Again, as many contributions here show, wetness is a difficult target and a lot depends on the context. Other threads seem to discuss Bing's, or Copilot's, reluctance to follow requirements. My most recent attempts have been very laborious - one session remained completely dry, and some pictures obstinately remain without the head or feet, or both. Here are some that at least look wet. I admit the model in red blouse requires some imagination, but at least the photographer in her leather suit looks wet - against what I ordered.
I still can't manage "shower" on Bing but "bathtub" sometimes works. Bing lately has been rejected "pool" or "swimming pool" so it's back to fountains.
Unfortunately I don't recall the exact prompt and I don't seem to have it in my collection, but I believe it was something like "being drenched by a stream of water from above".
The prompt for the first one was "white tiles in background. medium portrait of excited 30 year old woman standing in soaked blue jeans and magenta knit shirt, drenched. a small stream of water dumps onto her head from above, huge glass cubicle"
WF1 said: The prompt for the first one was "white tiles in background. medium portrait of excited 30 year old woman standing in soaked blue jeans and magenta knit shirt, drenched. a small stream of water dumps onto her head from above, huge glass cubicle"
Thanks! That worked. I made modifications as I went along; my usual strapless dress and gloves. Earlier in the evening, I was able to get a few "after a pie fight" pictures before that crapped out. (Four of each are shown.) The fantasy I'm trying to create is a woman with pie on her getting into the shower, still dressed, to clean up.
It seems the key is to bury the offending trigger words. I've gotten flagged for "water" and "soaked" This time I was even able to get "smirking" in place of "excited."
Yeah, I also figured out it's always a good idea to wrap the more "critical" trigger words in some descriptive trivia. However I still wonder how sometimes this will work more or less in otherwise nvery similar prompts, or that changing a single word like color etc. can make the difference between complete block or multiple picture generation.

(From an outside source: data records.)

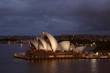 Keywords: sydney opera house night harbor city landmark water architecture skyline evening landscape sunset lights australia icon
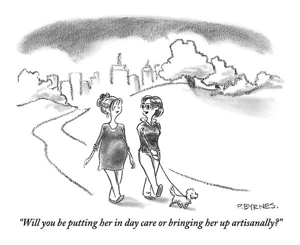 Caption: "Will you be putting her in day care or bringing her up artisanally?"
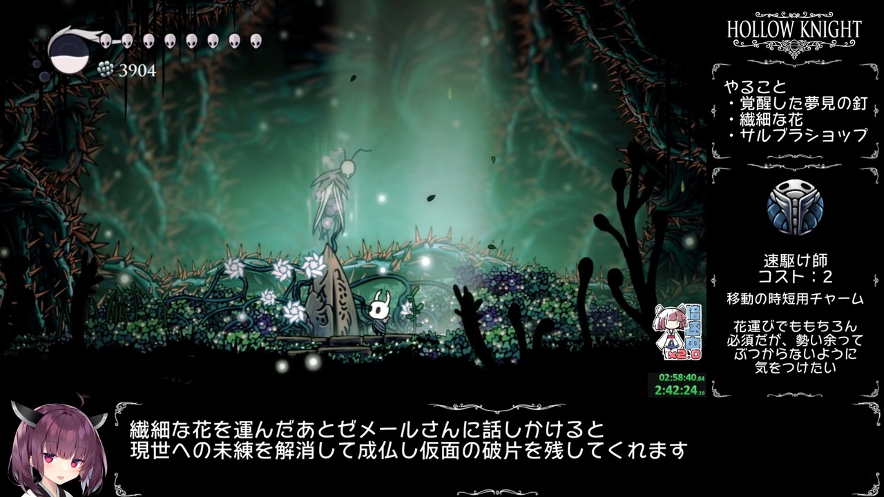 いっぱいお買い物をするパート<br><br>Hollow Knightのスピードランカテゴリー、112%+APB NMGの再走記録を東北きりたんが解説した動画です。<br>今回の記録はロードレスタイム:3:47:56、リアルタイム:4:07:44でした。<br><br>Hollow Knight steamページ<br><a href="https://store.steampowered.com/app/367520/Hollow_Knight/?l=japanese" target="_blank" rel="noopener nofollow">https://store.steampowered.com/app/367520/Hollow_Knight/?l=japanese</a><br><br>---------------------参考にさせていただいた動画など--------------------------<br>HollowKnight_JP_discordサーバー<br><a href="https://twitter.com/un_yo_san/status/1456597988944408577" target="_blank" rel="noopener nofollow">https://twitter.com/un_yo_san/status/1456597988944408577</a><br>英語版wiki<br><a href="https://hollowknight.fandom.com/wiki/Hollow_Knight_Wiki" target="_blank" rel="noopener nofollow">https://hollowknight.fandom.com/wiki/Hollow_Knight_Wiki</a><br>日本語版wiki<br><a href="https://wikiwiki.jp/hollowknight/" target="_blank" rel="noopener nofollow">https://wikiwiki.jp/hollowknight/</a><br>【Hollow Knight㊵】葵ちゃんときりたんの日常【VOICEROID実況プレイ】<br><a href="https://www.nicovideo.jp/watch/sm39675623" class="watch">sm39675623</a><br>----------------------------------------------------------------------------------<br>無編集版<br><a href="https://www.youtube.com/watch?v=CG7GtTWUulY" target="_blank" rel="noopener nofollow">https://www.youtube.com/watch?v=CG7GtTWUulY</a><br><br>前シリーズはこちら:<a href="https://www.nicovideo.jp/series/289523" target="_blank" rel="noopener">series/289523</a><br><br>前:<a href="https://www.nicovideo.jp/watch/sm41196673" class="watch">sm41196673</a><br>次:<a href="https://www.nicovideo.jp/watch/sm41265337" class="watch">sm41265337</a><br><br>※盛大に編集ミスをしていたので動画を修正しました。<br><br><a target="_blank" href="https://qa.nicovideo.jp/faq/show/19424?site_domain=default" style="font-size: 13px;color: #657586; text-decoration: underline; line-height: 1.4">この動画は投稿者によって修正されました</a>
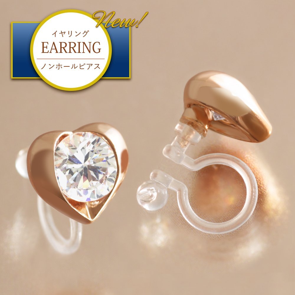 新品/イヤリング/K18GP/レディース/一粒/ハート/18金/18kコーティング/ピンクゴールド/ピアス見え/痛くない/樹脂/金属アレルギー/ダイヤ/CZ
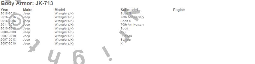 Wrangler (JK), Jeep, 2018, 2017, 2016, 2015, 2014, 2013, 2012, 2011, 2010, 2009, 2008, 2007
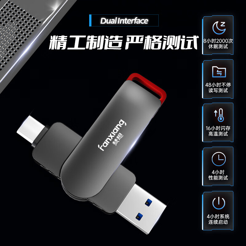 梵想固态 U 盘 FF520,优选长江晶圆 TLC 颗粒,USB-A、Tyep-c 双接口支持大部分智能设备,锌合金材质,支持“Win To Go”随身携带系统。
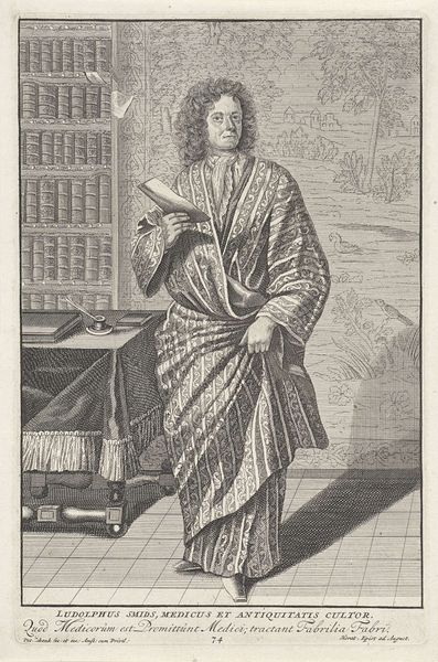 Curator: This metal engraving is entitled "Portret van Willem III, prins van Oranje", which translates to Portrait of William III, Prince of Orange. It’s dated somewhere between 1688 and 1711, and is held here at the Rijksmuseum. Editor: It has a definite Baroque flourish, all right! Immediately, I'm struck by how William's personal adornment – that enormous wig, the intricately detailed clothing – clashes with the implied military scene. There’s something performative, even anxious, about it. Curator: The tension you're picking up on is quite deliberate. This was created and disseminated during a highly charged political period. William III, of course, became King of England, Scotland, and Ireland, jointly with his wife Mary. These images were crucial tools of image-making, shaping perceptions of his power. Editor: Absolutely. The composition reinforces that: we have the tent camp suggesting the military leader, but he is elevated and separated from that context, centered, his right hand assertively holding a baton. This isn’t just about military might; it’s about asserting divinely sanctioned rule, patriarchal authority and so on. Curator: The inclusion of the armor on a pedestal behind him speaks volumes too. It is symbolic of past glories and legitimacy, almost suggesting the weight of tradition that he is destined to carry and enhance. It invites critical exploration of power dynamics and constructions of masculinity during this era. Editor: Exactly, especially given that very specific configuration! It would be insightful to delve deeper into questions of visual rhetoric here, in light of the evolving dynamics in the relationship with Mary as the joint sovereign in question. What does this symbol mean, especially for future generation and viewers? Curator: Well, this image had enormous value in establishing the public's perspective on Willem’s reign, especially among factions that may have otherwise been resistant to Dutch authority. And your insights also help me consider the less-easily discussed negotiations of power in his marital relations. Editor: Precisely. Considering broader narratives invites us to interrogate, even destabilize, the dominant narratives often built up around these traditional representations of historical figures. Curator: Agreed. Now when viewers look at this print, they might consider the image itself as part of the arsenal wielded in solidifying a king's rule.
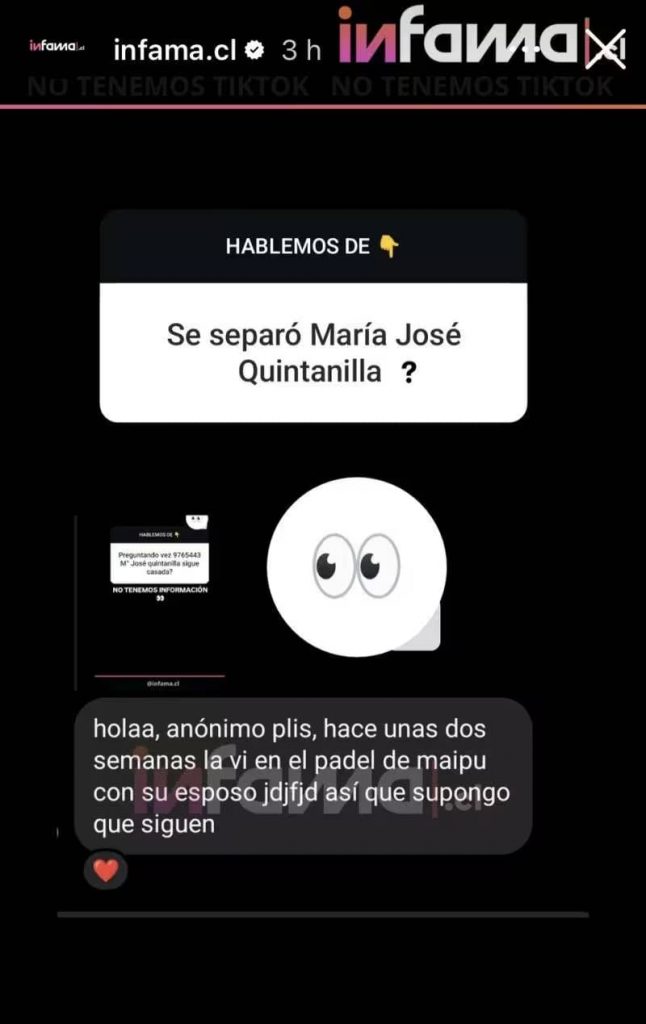 Todo comenzó cuando el portal Infama recibió una consulta directa sobre el estado sentimental de la cantante: “¿María José Quintanilla sigue casada?”, preguntaron en redes.

Sleazoid44 said: Bing also doesn't like "blonde" but "red-haired" is OK (now).
That depends... In the prompt I posted above I can easily add "blonde" and will usually get 2-3 pictures. Sometimes I can tell my model to be "soaking wet", sometimes I can't. It also seems to vary a lot with the clothing style used.
The prompt for the first one was "white tiles in background. medium portrait of excited 30 year old woman standing in soaked blue jeans and magenta knit shirt, drenched. a small stream of water dumps onto her head from above, huge glass cubicle"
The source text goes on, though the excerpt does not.